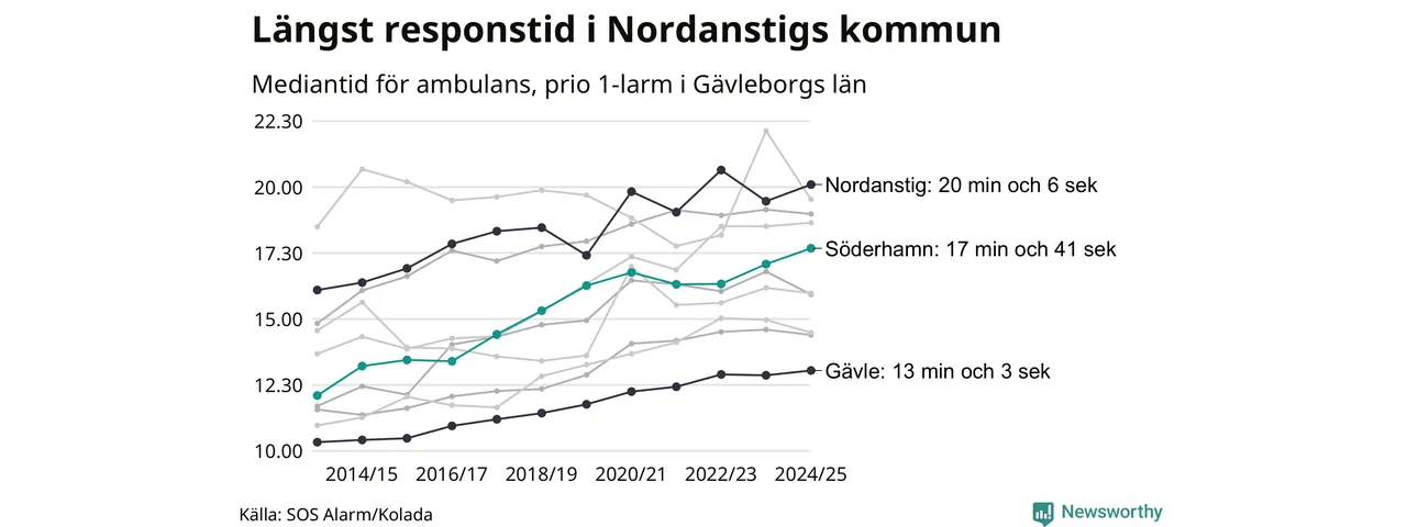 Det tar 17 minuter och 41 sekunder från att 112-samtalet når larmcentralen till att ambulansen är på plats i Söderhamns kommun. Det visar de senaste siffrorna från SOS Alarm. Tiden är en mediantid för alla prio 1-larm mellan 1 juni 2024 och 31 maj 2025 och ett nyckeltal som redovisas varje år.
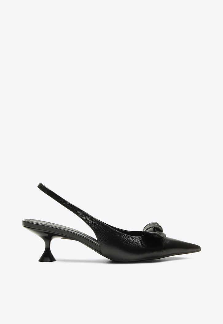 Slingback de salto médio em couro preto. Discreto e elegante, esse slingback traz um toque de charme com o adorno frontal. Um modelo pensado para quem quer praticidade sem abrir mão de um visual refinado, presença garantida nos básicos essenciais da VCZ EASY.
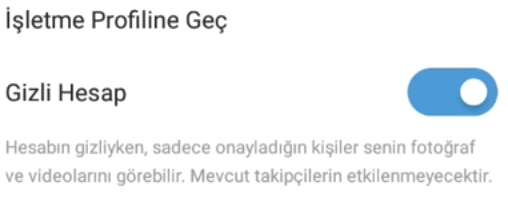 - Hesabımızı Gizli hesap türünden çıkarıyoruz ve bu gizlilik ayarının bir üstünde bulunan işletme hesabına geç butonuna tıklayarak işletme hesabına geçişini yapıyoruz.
* * *
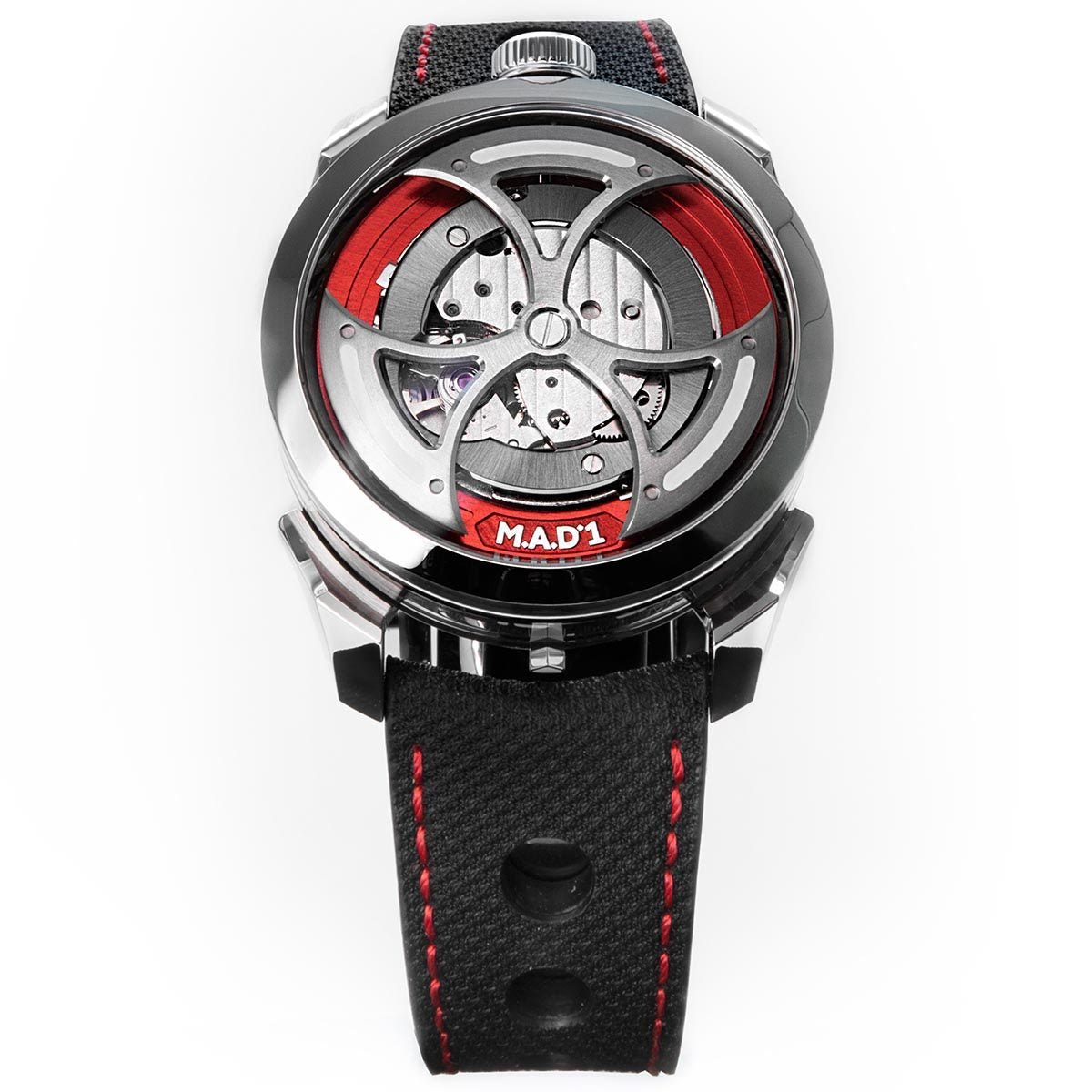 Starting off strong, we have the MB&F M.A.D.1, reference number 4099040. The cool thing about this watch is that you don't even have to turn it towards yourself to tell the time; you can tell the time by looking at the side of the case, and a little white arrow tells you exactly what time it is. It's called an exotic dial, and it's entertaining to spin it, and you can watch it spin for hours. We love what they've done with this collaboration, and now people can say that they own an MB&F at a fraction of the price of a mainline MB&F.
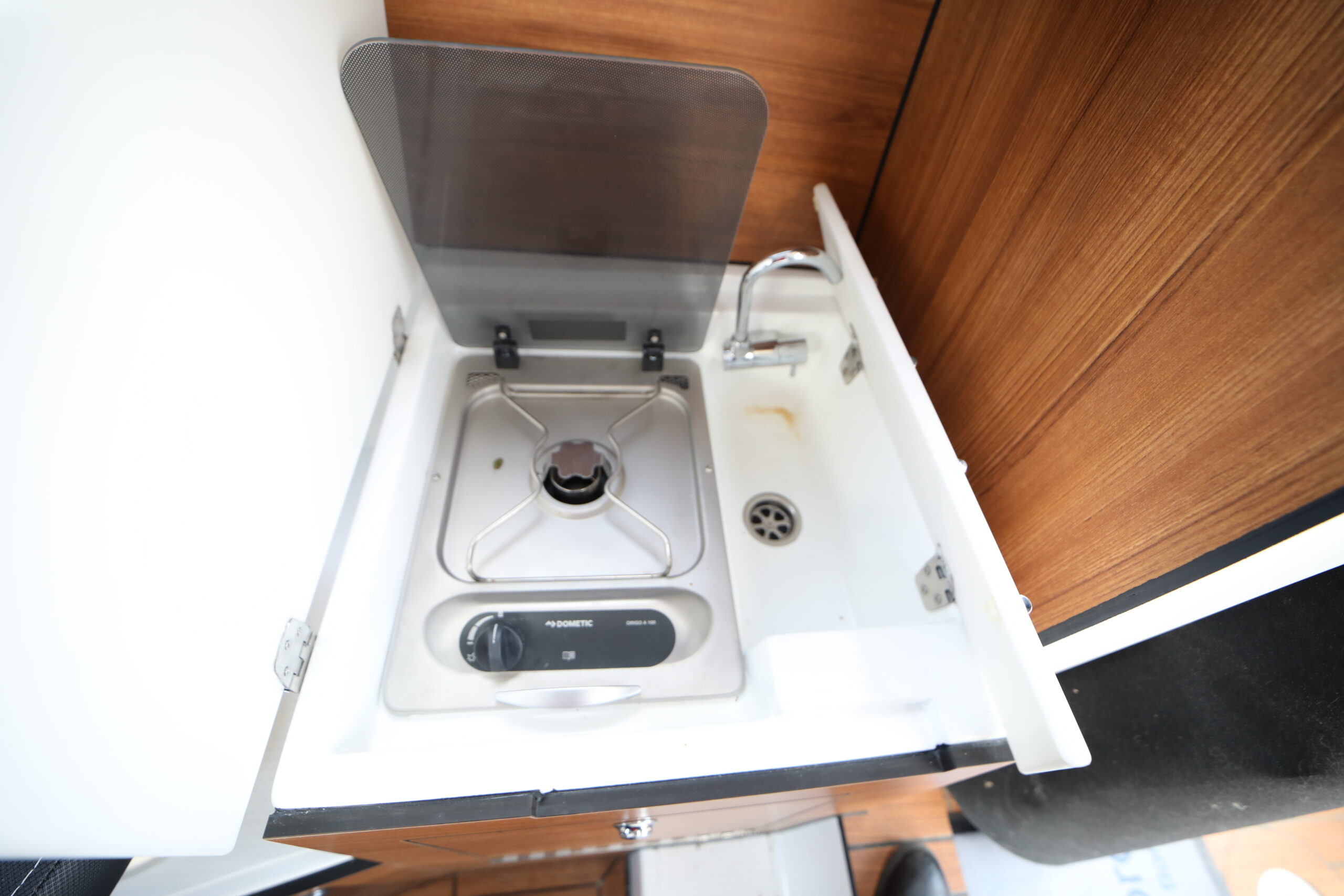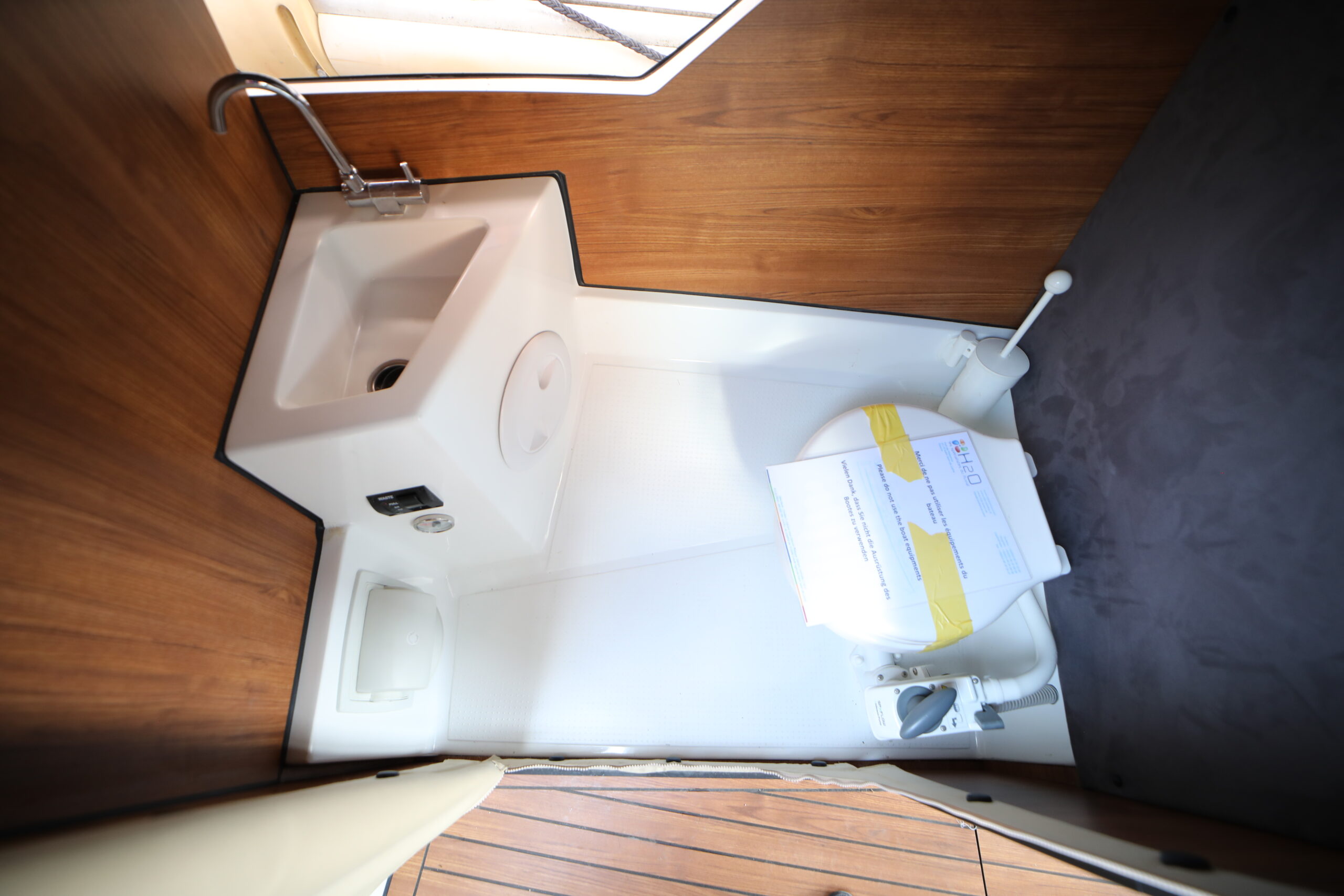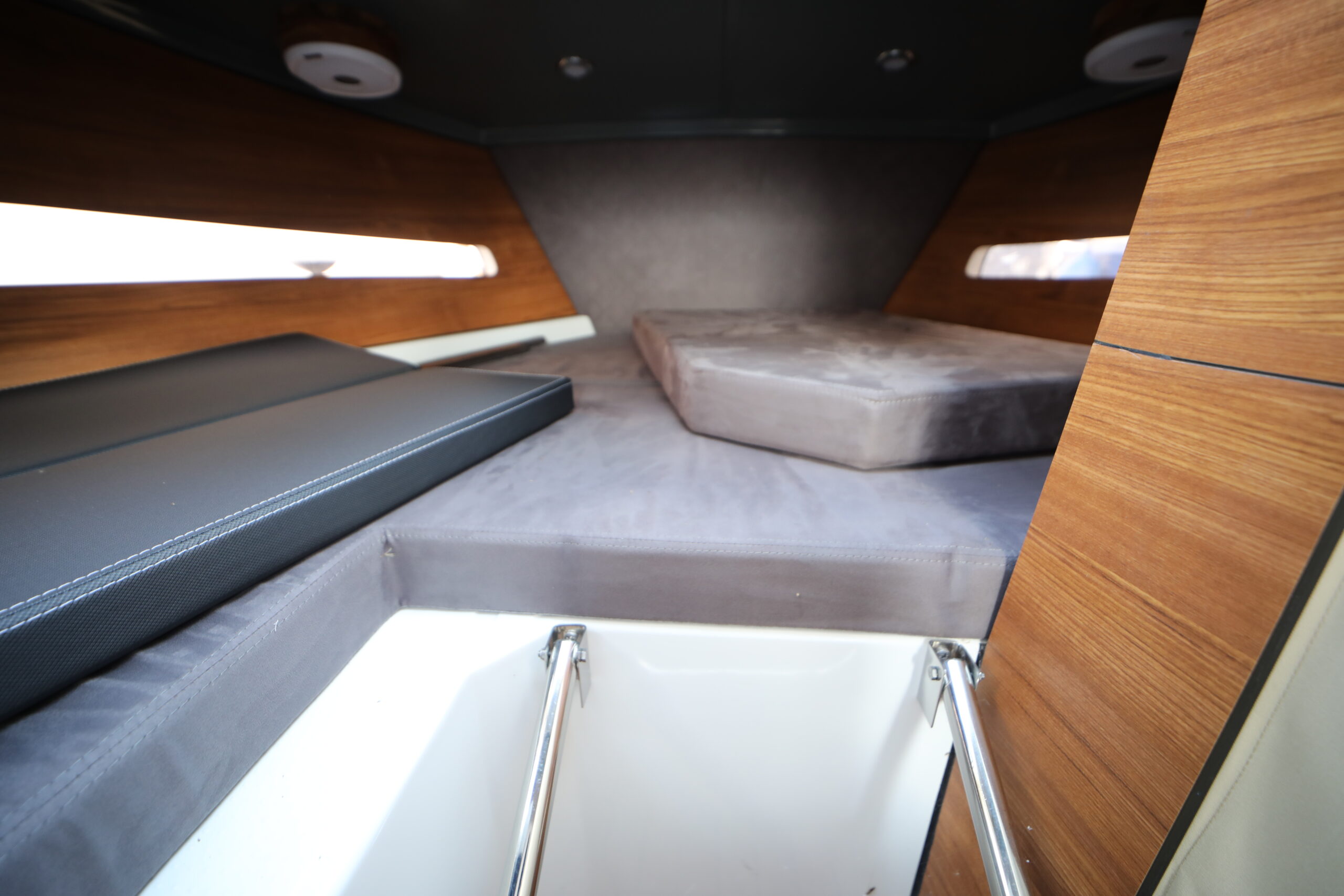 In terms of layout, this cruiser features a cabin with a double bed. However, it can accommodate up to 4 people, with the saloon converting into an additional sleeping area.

WHAT IS EXPECTED: A word-for-word reproduction is needed of the lines above from the line containing "Starting off strong, we" through the line containing "In terms of", with both ends kept and no pictures.

ANSWER SPACE:
 Starting off strong, we have the MB&F M.A.D.1, reference number 4099040. The cool thing about this watch is that you don't even have to turn it towards yourself to tell the time; you can tell the time by looking at the side of the case, and a little white arrow tells you exactly what time it is. It's called an exotic dial, and it's entertaining to spin it, and you can watch it spin for hours. We love what they've done with this collaboration, and now people can say that they own an MB&F at a fraction of the price of a mainline MB&F.
 In terms of layout, this cruiser features a cabin with a double bed. However, it can accommodate up to 4 people, with the saloon converting into an additional sleeping area.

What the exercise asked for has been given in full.